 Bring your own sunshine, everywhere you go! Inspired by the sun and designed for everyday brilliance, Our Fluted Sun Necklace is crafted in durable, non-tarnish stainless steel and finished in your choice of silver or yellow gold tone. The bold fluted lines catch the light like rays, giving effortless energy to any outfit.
_____
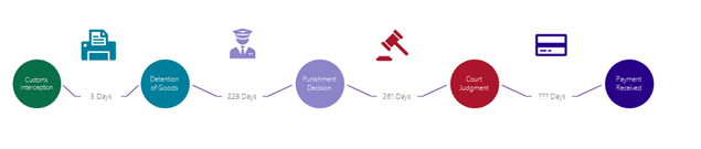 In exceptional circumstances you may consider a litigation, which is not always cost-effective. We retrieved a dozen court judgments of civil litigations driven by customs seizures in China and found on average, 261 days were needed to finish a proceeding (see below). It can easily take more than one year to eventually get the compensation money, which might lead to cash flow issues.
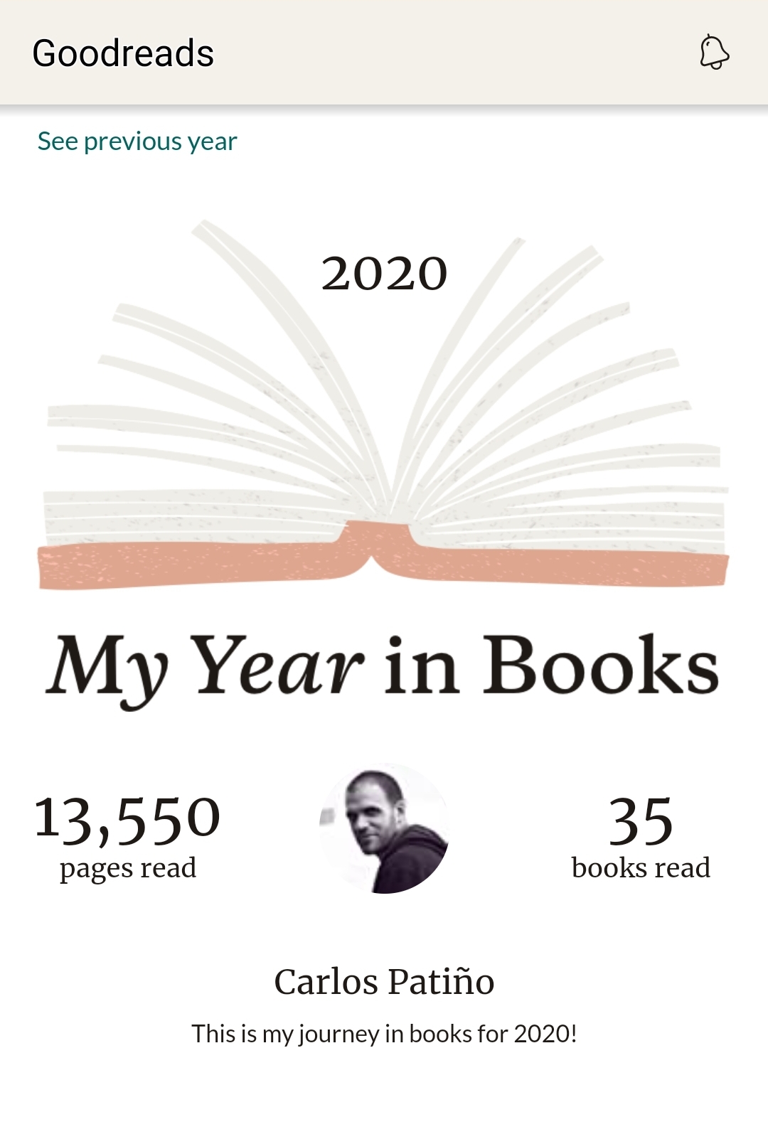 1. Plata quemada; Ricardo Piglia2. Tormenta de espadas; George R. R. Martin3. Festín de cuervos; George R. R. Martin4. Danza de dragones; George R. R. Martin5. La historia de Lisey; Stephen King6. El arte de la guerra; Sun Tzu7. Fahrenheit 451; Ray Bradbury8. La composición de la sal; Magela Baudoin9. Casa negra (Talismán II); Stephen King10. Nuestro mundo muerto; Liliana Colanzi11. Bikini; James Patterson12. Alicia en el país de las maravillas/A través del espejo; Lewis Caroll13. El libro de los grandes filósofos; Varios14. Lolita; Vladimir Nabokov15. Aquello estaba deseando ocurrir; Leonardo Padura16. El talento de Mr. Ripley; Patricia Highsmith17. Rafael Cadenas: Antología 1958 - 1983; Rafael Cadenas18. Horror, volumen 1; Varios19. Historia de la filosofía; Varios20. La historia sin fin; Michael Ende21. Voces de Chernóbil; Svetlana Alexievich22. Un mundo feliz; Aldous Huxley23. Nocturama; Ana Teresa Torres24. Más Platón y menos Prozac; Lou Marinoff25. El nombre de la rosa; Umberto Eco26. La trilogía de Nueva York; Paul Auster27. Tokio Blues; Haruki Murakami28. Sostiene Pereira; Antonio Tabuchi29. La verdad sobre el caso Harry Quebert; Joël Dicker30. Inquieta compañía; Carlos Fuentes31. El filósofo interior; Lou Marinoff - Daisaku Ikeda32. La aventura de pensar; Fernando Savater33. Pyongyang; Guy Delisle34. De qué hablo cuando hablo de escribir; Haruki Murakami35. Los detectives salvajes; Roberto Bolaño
_____
→ Exercise description:
Look through the listing above for the line with "In exceptional circumstances" and the line with "1. Plata quemada;". Write out exactly those lines and everything between, leaving out pictures.

→ Answer section:
 In exceptional circumstances you may consider a litigation, which is not always cost-effective. We retrieved a dozen court judgments of civil litigations driven by customs seizures in China and found on average, 261 days were needed to finish a proceeding (see below). It can easily take more than one year to eventually get the compensation money, which might lead to cash flow issues.
 1. Plata quemada; Ricardo Piglia2. Tormenta de espadas; George R. R. Martin3. Festín de cuervos; George R. R. Martin4. Danza de dragones; George R. R. Martin5. La historia de Lisey; Stephen King6. El arte de la guerra; Sun Tzu7. Fahrenheit 451; Ray Bradbury8. La composición de la sal; Magela Baudoin9. Casa negra (Talismán II); Stephen King10. Nuestro mundo muerto; Liliana Colanzi11. Bikini; James Patterson12. Alicia en el país de las maravillas/A través del espejo; Lewis Caroll13. El libro de los grandes filósofos; Varios14. Lolita; Vladimir Nabokov15. Aquello estaba deseando ocurrir; Leonardo Padura16. El talento de Mr. Ripley; Patricia Highsmith17. Rafael Cadenas: Antología 1958 - 1983; Rafael Cadenas18. Horror, volumen 1; Varios19. Historia de la filosofía; Varios20. La historia sin fin; Michael Ende21. Voces de Chernóbil; Svetlana Alexievich22. Un mundo feliz; Aldous Huxley23. Nocturama; Ana Teresa Torres24. Más Platón y menos Prozac; Lou Marinoff25. El nombre de la rosa; Umberto Eco26. La trilogía de Nueva York; Paul Auster27. Tokio Blues; Haruki Murakami28. Sostiene Pereira; Antonio Tabuchi29. La verdad sobre el caso Harry Quebert; Joël Dicker30. Inquieta compañía; Carlos Fuentes31. El filósofo interior; Lou Marinoff - Daisaku Ikeda32. La aventura de pensar; Fernando Savater33. Pyongyang; Guy Delisle34. De qué hablo cuando hablo de escribir; Haruki Murakami35. Los detectives salvajes; Roberto Bolaño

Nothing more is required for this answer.